Entrevista conduzida por Antonia Gaeta a Matt Mullican por ocasião da sua exposição What do they feel?

Antonia Gaeta (AG): Vou apresentar-me; considero importante termos uma ideia sumária de quem temos à nossa frente, sobretudo porque acredito que uma pequena introdução pode desvendar alguns pontos ou interesses, em comum, entre o entrevistado e quem entrevista. O meu nome é Antonia Gaeta, sou italiana, vivo em Lisboa desde 2003, sou curadora e trabalho com arte contemporânea e art brut. Tenho um fascínio por códigos de diversa natureza mas também pela investigação psicanalítica dentro da criação artística e recentemente tenho-me dedicado ao estudo de fenómenos mediúnicos e de transe ou perda repentina de consciência.

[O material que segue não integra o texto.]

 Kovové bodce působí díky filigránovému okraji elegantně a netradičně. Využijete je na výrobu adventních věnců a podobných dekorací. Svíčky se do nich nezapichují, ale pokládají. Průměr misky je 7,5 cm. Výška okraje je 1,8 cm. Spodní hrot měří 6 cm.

Matt Mullican (MM): Interessante. E é muito interessante que fales disso porque relaciona-se com o trabalho que tenho desenvolvido na área da performance, desde os anos setenta, como ferramenta para explorar o espaço interior, psicológico e sondar a minha posição estética e existencial. Vou-me apresentar também mas através do meu trabalho e da minha última performance sob hipnose que fiz em Milão, no Hangar Bicocca, e que foi realmente louca. A pessoa (That person), uma entidade eterna e sem género, realizou uma série de acções cuja natureza e duração eram imprevisíveis. Ela movia-se dentro de uma área delimitada que continha vários objectos do quotidiano.

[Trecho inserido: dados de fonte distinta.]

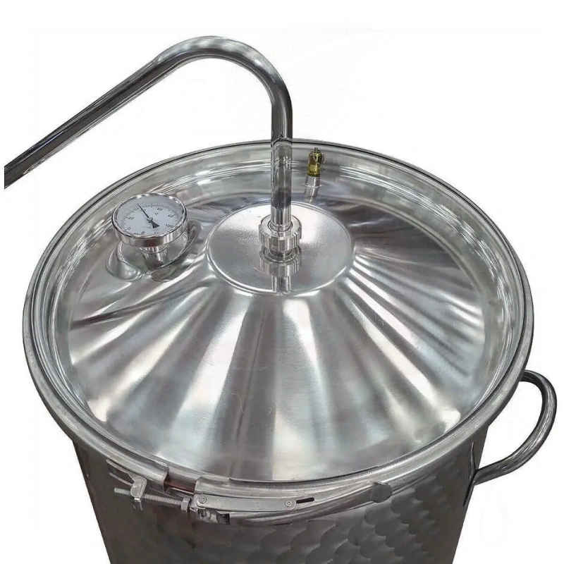 Omadused: Valmistatud täielikult AISI 304 roostevabast terasest hügieeni ja vastupidavuse tagamiseks. Õhukindel klambersuletav kaas tõhusaks destilleerimiseks. Sisaldab analoogtermomeetrit ja turvaklappi. Küttemahuti maht 200L, jahutimahuti 35L. Sisemised peegelpinnaga ja välimine lillekaunistusega viimistlus. Sisaldab eemaldatavat roostevabast terasest võrgufiltrit ja jahutusspooli tõhusaks kondenseerimiseks.

O meu trabalho toca os teus interesses e, embora não esteja directamente relacionado com a arte bruta, porque sei e controlo o que faço, estou na mesma linha criativa e reconheço que muitos processos formais até podem ser semelhantes. A diferença entre mim e um artista brut reside no facto de que consigo identificar o mundo do qual faço parte e que tenho distância, pelo menos acho que tenho distância.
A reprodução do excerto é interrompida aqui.